• [Aim of the task]:
Every entry that follows must be written out exactly, apart from its pictures.

• [Study material]:

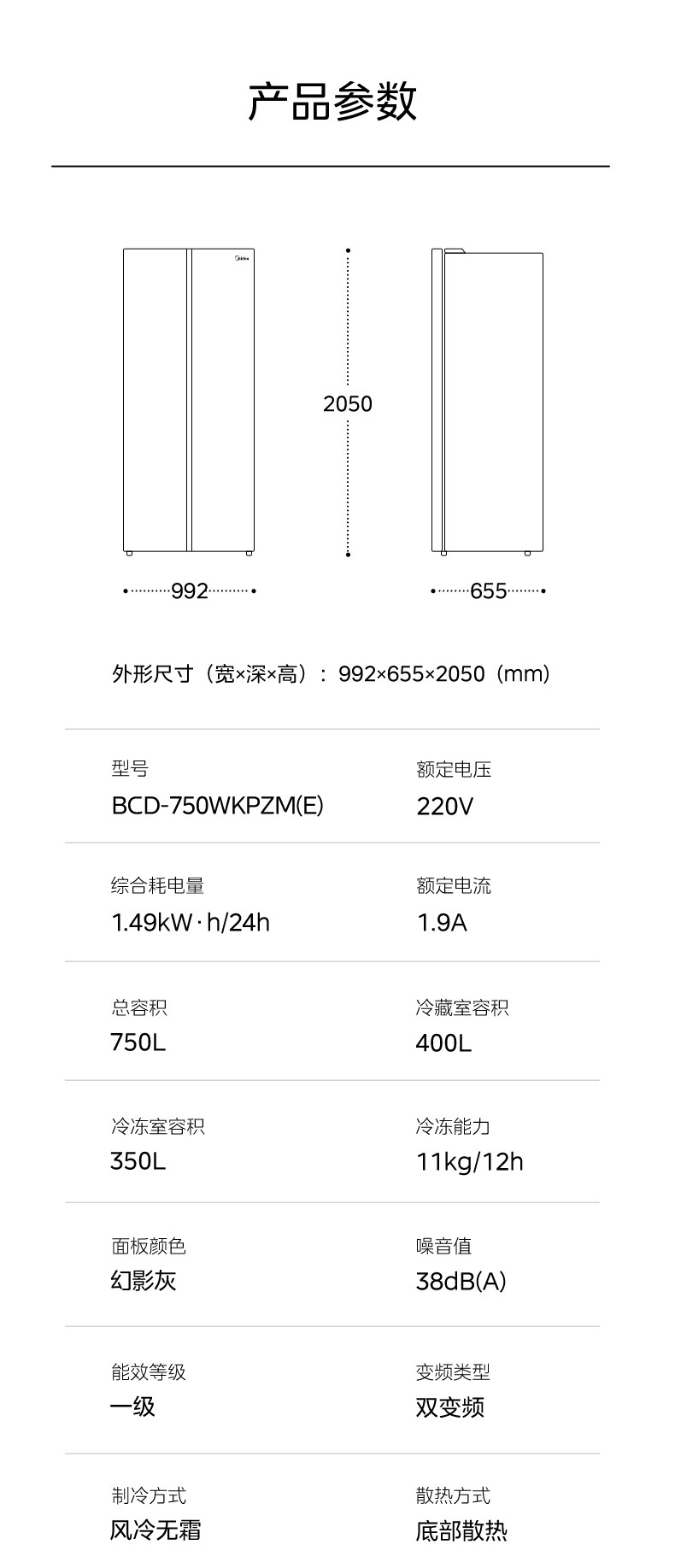 | Midea Refrigerator Model | Bcd-750 Wkpzm(E) |
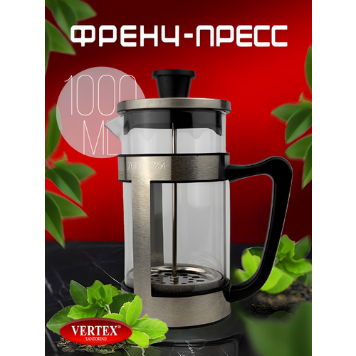 бесцветный, серебристыйФренч-пресс от VERTEX – отличное решение для кухни и дома. Изготовленный из высококачественной нержавеющей стали и термостойкого стекла, пресс френч не царапается и долго держит тепло, позволяя чаю, кофе, фруктовым и ягодным напиткам полностью раскрыться. Заварочный френч пресс от Вертекс можно использовать как кофейник, чайник, заварник для кофе или чая. Объем 350, 600, 800 и 1000 мл, хватит для чаепития большой компании и в кругу семьи. Металлический поршень для френч-пресса, выполненный по технологи “press-up”, обеспечивает равномерную циркуляцию воды в заварочнике, благодаря чему заварка для чая лучше раскрывается, а чай всегда будет вкусным и насыщенным. Стеклянная колба от френч-пресса термостойкая и легко моется. Изящная пластиковая ручка не нагревается. Стильный френч-пресс от Вертекс с классическим дизайном идеально подойдет для любой кухни и будет гармонично сочетаться с посудой для кофе и чая на вашем столе. Это отличный подарок коллегам, друзьям, любимым близким, на день рождения маме, бабушке, же
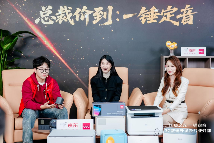 11月10日,京东11.11迎来一场精彩纷呈的“国货之光总裁价到”直播盛宴,得力、飞猫、中兴、奔图四大国民品牌总裁齐聚京东直播间,携手打造了一场融合技术溯源与价格直降的沉浸式购物体验。活动以“一锤定音”为核心玩法,通过总裁亲临现场、3D打印奖杯颁授、痛点砸蛋福利解锁等创新形式,让消费者在见证国货硬核科技实力的同时,也享受到多重优惠加码的极致性价比。在总裁亲临和福利加码的带动下,整场直播取得最高在线人数超3500人、观看量环比增长超110%的亮眼成绩。
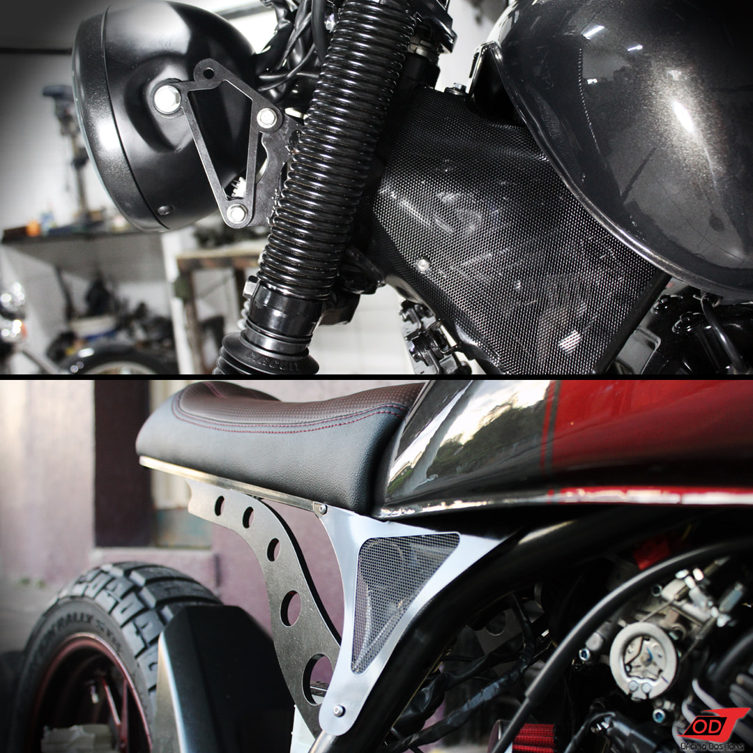 Para dar acabamento à junção tanque e banco, criamos uma tampa lateral com desenho personalizado e detalhe de telinha. Com esse mesmo material, criamos acabamentos laterais para a parte frontal do tanque, fazendo alusão àquelas peças que existem de fábrica em alguns modelos de motos custom, como por exemplo a Shadow 600. Assim, o visual global da moto foi totalmente reprojetado, onde cada peça se encaixa perfeitamente na outra e não sobram vãos ou arestas, nem tampouco ficam expostas partes indesejadas do chassi ou fiação.
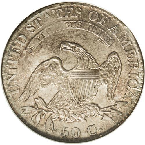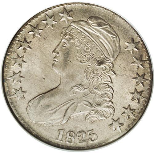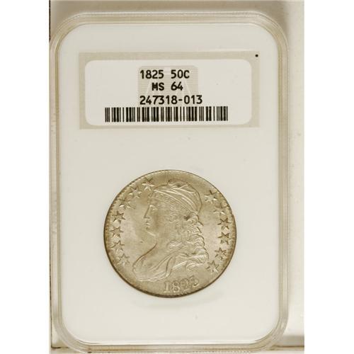 <B>1825 50C MS64 NGC.</B></I> O-113, R.1. This attractive near-Gem boasts cream-gray surfaces with tinges of orange and rose across portions of the reverse. This satiny, original specimen has uncommonly smooth surfaces and is well struck on the major devices, while the stars have flat centers and the RI in PLURIBUS is faint, as often seen. Liberty's nose is strike-doubled. A beautiful coin, one whose impressive preservation makes a prize from the technical perspective, as well as the aesthetic.<BR><BR><b>Shipping:</b> Coin/Currency (<a target="_blank" href="http://www.heritageauctions.com/common/shipping.php">view shipping information</a>)

• [Your solution]:
 | Midea Refrigerator Model | Bcd-750 Wkpzm(E) |
 бесцветный, серебристыйФренч-пресс от VERTEX – отличное решение для кухни и дома. Изготовленный из высококачественной нержавеющей стали и термостойкого стекла, пресс френч не царапается и долго держит тепло, позволяя чаю, кофе, фруктовым и ягодным напиткам полностью раскрыться. Заварочный френч пресс от Вертекс можно использовать как кофейник, чайник, заварник для кофе или чая. Объем 350, 600, 800 и 1000 мл, хватит для чаепития большой компании и в кругу семьи. Металлический поршень для френч-пресса, выполненный по технологи “press-up”, обеспечивает равномерную циркуляцию воды в заварочнике, благодаря чему заварка для чая лучше раскрывается, а чай всегда будет вкусным и насыщенным. Стеклянная колба от френч-пресса термостойкая и легко моется. Изящная пластиковая ручка не нагревается. Стильный френч-пресс от Вертекс с классическим дизайном идеально подойдет для любой кухни и будет гармонично сочетаться с посудой для кофе и чая на вашем столе. Это отличный подарок коллегам, друзьям, любимым близким, на день рождения маме, бабушке, же
 11月10日,京东11.11迎来一场精彩纷呈的“国货之光总裁价到”直播盛宴,得力、飞猫、中兴、奔图四大国民品牌总裁齐聚京东直播间,携手打造了一场融合技术溯源与价格直降的沉浸式购物体验。活动以“一锤定音”为核心玩法,通过总裁亲临现场、3D打印奖杯颁授、痛点砸蛋福利解锁等创新形式,让消费者在见证国货硬核科技实力的同时,也享受到多重优惠加码的极致性价比。在总裁亲临和福利加码的带动下,整场直播取得最高在线人数超3500人、观看量环比增长超110%的亮眼成绩。
 Para dar acabamento à junção tanque e banco, criamos uma tampa lateral com desenho personalizado e detalhe de telinha. Com esse mesmo material, criamos acabamentos laterais para a parte frontal do tanque, fazendo alusão àquelas peças que existem de fábrica em alguns modelos de motos custom, como por exemplo a Shadow 600. Assim, o visual global da moto foi totalmente reprojetado, onde cada peça se encaixa perfeitamente na outra e não sobram vãos ou arestas, nem tampouco ficam expostas partes indesejadas do chassi ou fiação.
 <B>1825 50C MS64 NGC.</B></I> O-113, R.1. This attractive near-Gem boasts cream-gray surfaces with tinges of orange and rose across portions of the reverse. This satiny, original specimen has uncommonly smooth surfaces and is well struck on the major devices, while the stars have flat centers and the RI in PLURIBUS is faint, as often seen. Liberty's nose is strike-doubled. A beautiful coin, one whose impressive preservation makes a prize from the technical perspective, as well as the aesthetic.<BR><BR><b>Shipping:</b> Coin/Currency (<a target="_blank" href="http://www.heritageauctions.com/common/shipping.php">view shipping information</a>)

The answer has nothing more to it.